June 13. 2013 10:18PM

Whitey Bulger trial focuses on FBI protection of gangster

BOSTON — A top Massachusetts state police mob expert testified Thursday that some local FBI agents were so consumed with protecting James “Whitey” Bulger that they repeatedly sabotaged state and local police investigations and even threatened the careers of the detectives pushing them.

The testimony by retired State Police Col. Thomas J. Foley pushed to the front of Bulger’s racketeering trial the long-simmering mistrust Bulger and his largely unimpeded criminal career has created between the FBI and the local and state police agencies here, in Connecticut and elsewhere which for decades met with nothing but failure in their pursuit of the crime boss.

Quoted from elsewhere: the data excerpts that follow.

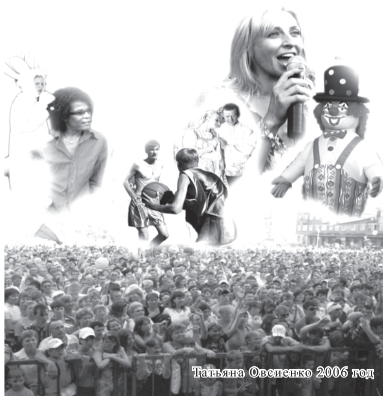
Татьяна Овсиенко 2006 год
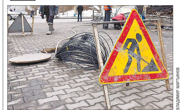
По словам жителей, на улице Победы ведутся работы по ремонту парящих колодцев, однако аварии в районе устранены не все
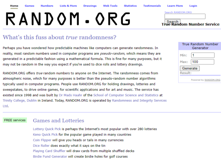
Slika 1. Primjer programa za generiranje slučajnog odabira random.org (Dostupno na: https://www.random.org , pristupljeno: 19. 9. 2022.)
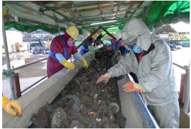
写真-7 ピッキングライン人力選別

【ピッキングライン人力選別】写真-7 粗選別後の廃棄物を選別機によって選別 した後、ベルトコンベアにその分別物を 流し、人力によって再選別を行なう。

“Were you surprised that members of the Boston FBI were trying to circumvent and undercut your investigations?” Bulger lawyer Hank Brennan asked during cross- examination.

“Yes,” Foley replied.

Foley said that beginning in the 1980s, he considered the FBI’s Boston office to be a bigger obstacle to investigating Bulger’s organized crime group, the Winter Hill Gang, than the criminals themselves. Among other things, Foley said he believes FBI agents, supported by some prosecutors in the U.S. Attorney’s Office, alerted Bulger or his associates to wire taps and tried to have state detectives assigned to other matters.

“I was naive on some things, yes,’’ Foley testified. “I’m not sure at one point we started questioning what was going on.”

Bad blood

The law enforcement bad blood has existed at least since the 1970s, when detectives from Connecticut, Florida and Oklahoma began running down leads in Boston that Bulger and his associates killed three men in an effort to seize control of the pari-mutuel company World Jai Alai.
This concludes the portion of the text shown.